Vikas Khanna's Karare Karele
Recipe type: Side
Cuisine: Indian
Prep time: 
Cook time: 
Total time: 
Serves: 4 Servings
  • Karela(bitter gourd) – 4, large
  • Onion – 1, large, finely sliced
  • Freshly grated coconut – 1 & ½ tbsp
  • Rice flour – 2 & ½ tbsp
  • Red chilli powder – ¾ th tsp
  • Fresh curry leaves – 2 medium sprigs
  • Salt to taste
  • Oil for deep frying
  1. Wash bitter gourds thoroughly and pat dry. Cut very thinly into discs and remove any bigger seeds.

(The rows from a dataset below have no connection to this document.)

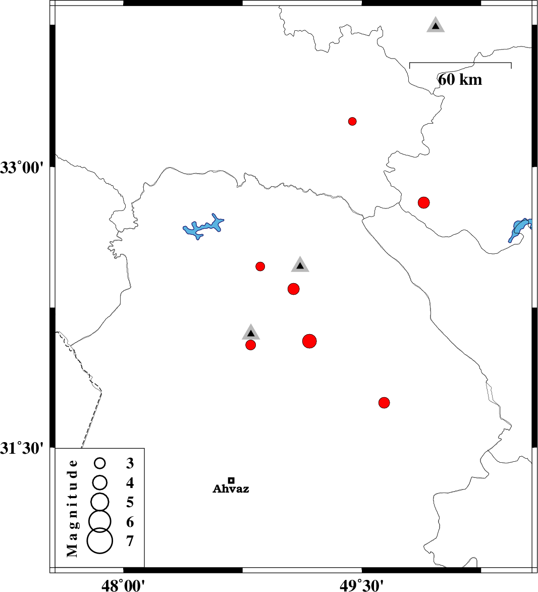 | 2012/12/05 | 22:32:15.3 | 02:02:15.3 | 32.47 | 48.86 | 14 | ML:2.5 | Khoozestan Province, 25 km West of Lali | ||
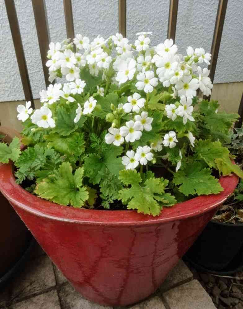今日のお花、サクラソウの仲間、プリムラ・シネンシス春風桜「白波」です。サクラソウというのは、日本に自生する、プリムラ・シーボルティーのことだと思うのですが、現在は西洋サクラソウの仲間、とくにマラコイデスをサクラソウと呼ぶことが多いみたいですね。シーボルティーは日本桜草と呼んで区別しているようです。なので、σ(^▽^;)も、仲間のシネンシスの園芸種をあげてみました。シネンシスは、中国原産で、別名雪桜というほど寒さに強いプリムラです。この写真は2016年のものです。2012年くらいに3色セットで苗を買ったと思うのですが、他の2色はいなくなってしまい、白の白波だけが残りました。このころが一番元気で良く茂っていたのですが。。。去年の猛暑に耐えられなかったみたいですorz
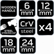 Dłuto do drewna, szerokość ostrza 25 mm, ostrze ze stali CrV, drewniany uchwyt, wzmocnienie do pobijania
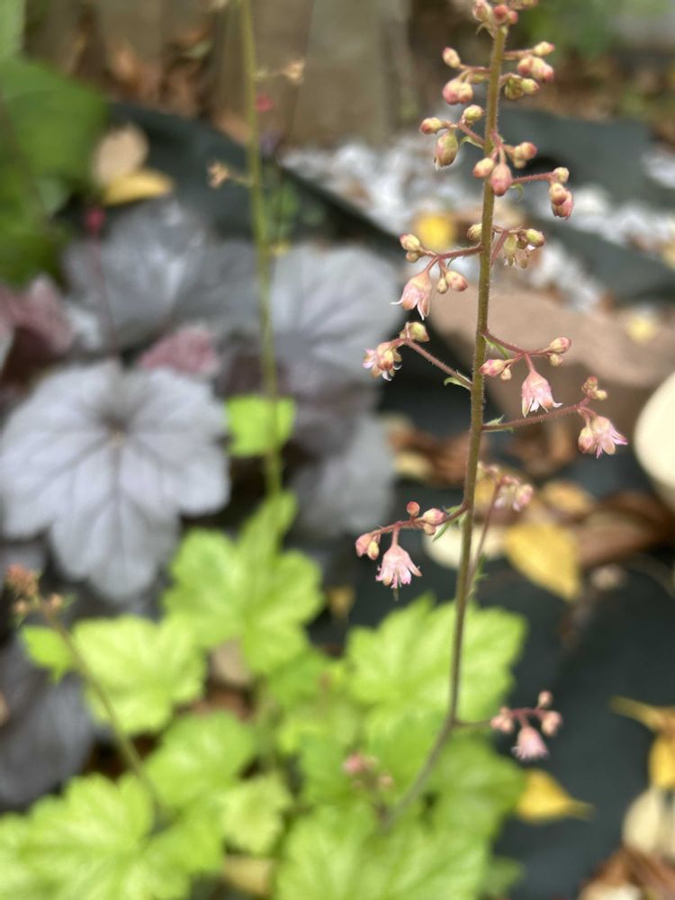 暖かくなってヒューケラが成長してきてます☺️ふと気づいたら小さな花が咲いてました😍茎も細いので遠目だと見落としそうなほど可憐です🥰

  2. Spread gourd slices on a large plate and sprinkle salt over them. Mix well and set aside for 5 minutes.
  3. After 5 minutes, squeeze gourds well and pat dry with a kitchen towel. This step is essential to make the fried gourds crispy. Sprinkle with rice flour and toss well.

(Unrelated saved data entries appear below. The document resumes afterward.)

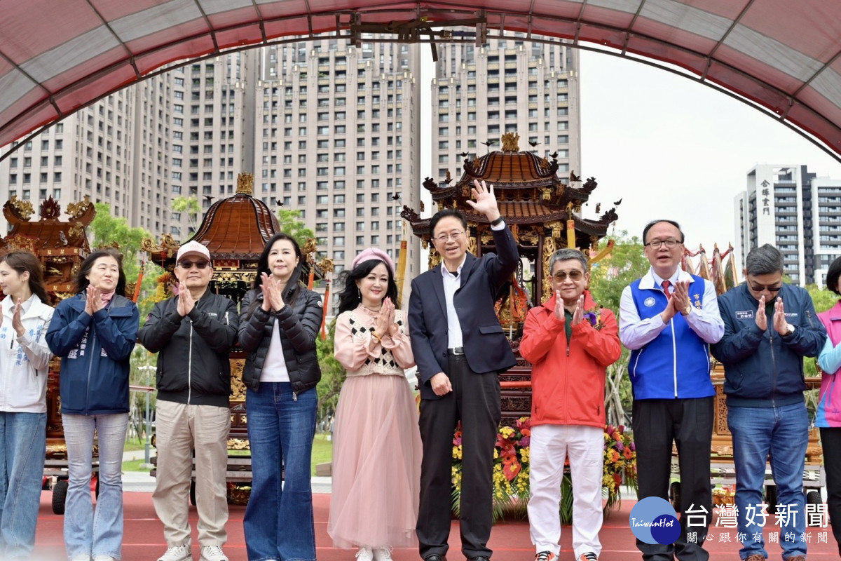 神轎隊伍抵達桃園藝文中心時,桃園市長張善政偕夫人、文化局長邱正生等貴賓蒞臨會場參與活動。張善政市長表示,桃園大廟景福宮長年推動宗教與民俗文化活動,開漳聖王文化季不僅凝聚地方信仰力量,也展現桃園傳統文化的活力與特色,市府將持續支持地方宗教文化的保存與發展。
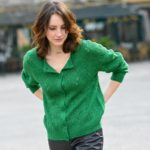 Sveter z perlového úpletu by Vám nemal chýbať. Z jemného perlového úpletu mohérového na dotyk. Moderný voľný strih. Ažúrový vzor. Okrúhly výstrih. Vpredu zapínanie na farebne zladené gombíky. Dlhé rukávy, zvesené ramená. Rovný spodný lem. …
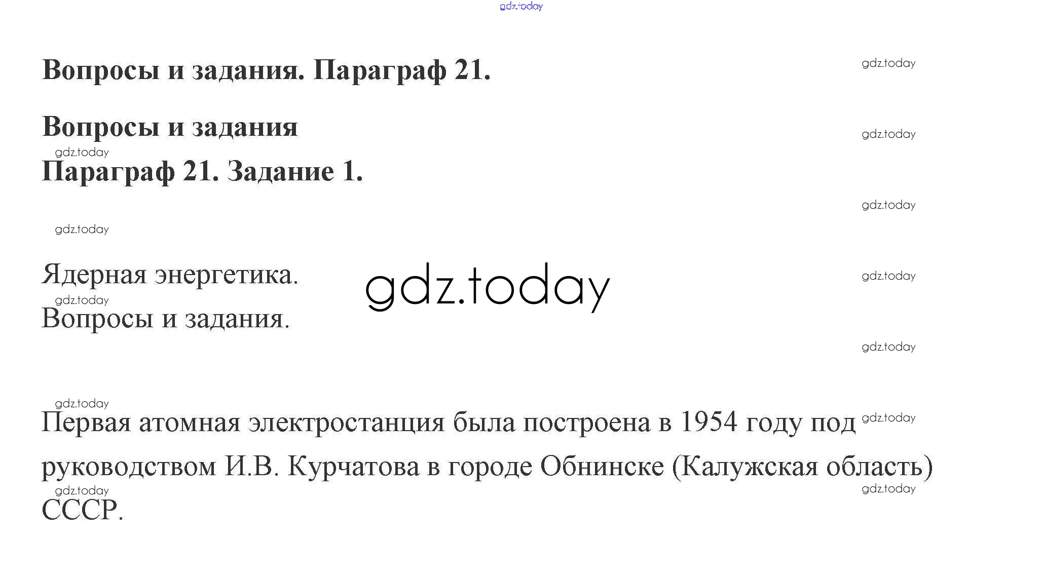На страницах сайта gdz.today вы найдете учебный и вспомогательный материал, направленный на улучшения знаний школьной программы. ГДЗ - онлайн мир знаний Задание 21. Ядерная энергетика 1 Учебнику по Физике для 9 класса Генденштейн, Булатова Мнемозина 2010
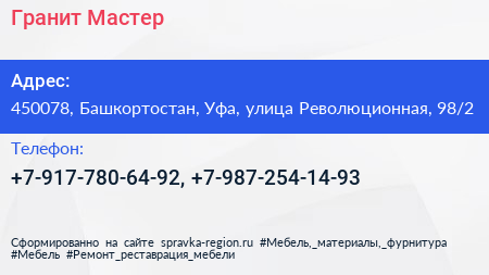 Гранит-Мастер по адресу 450078, Башкортостан, Уфа, улица Революционная, 98/2 в дальнейшем Организация, размещена в следующих категориях:
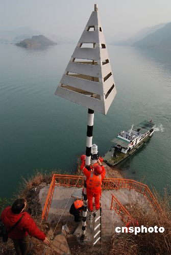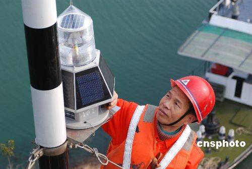 2009年1月8日,在三峡重庆库区云阳段,航道管理人员在安装新型太阳能航标灯。这种航标灯集太阳能光板、蓄电池、灯具于一体,视距更长、灵敏度更高、耐用性更好,可有效解决三峡库区江面增宽和雾气较大给船舶航行带来的影响。目前,三峡库区航道管理部门正在陆续更换,仅云阳县就有30只新型太阳能航标灯在春运期间投入使用。中新社发 刘小洋 摄

  4. Heat oil in a deep-frying wok over medium-high heat till it just starts to smoke. Add gourd slices in small batches and deep fry till golden and crisp. Remove and drain on absorbent paper.

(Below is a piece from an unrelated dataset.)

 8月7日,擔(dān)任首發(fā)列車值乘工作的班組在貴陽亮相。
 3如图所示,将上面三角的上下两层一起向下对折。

  5. Sprinkle the chilli powder over the fried gourd slices and toss well. Set aside.
  6. Now heat 2 tablespoon of oil in a frying pan over medium heat. Add curry leaves, sliced onion and grated coconut. Sauté till curry leaves turn crisp and onions are light golden.
  7. Toss these crispy karela chips with the prepared gourd slices and mix well. Serve hot. Enjoy!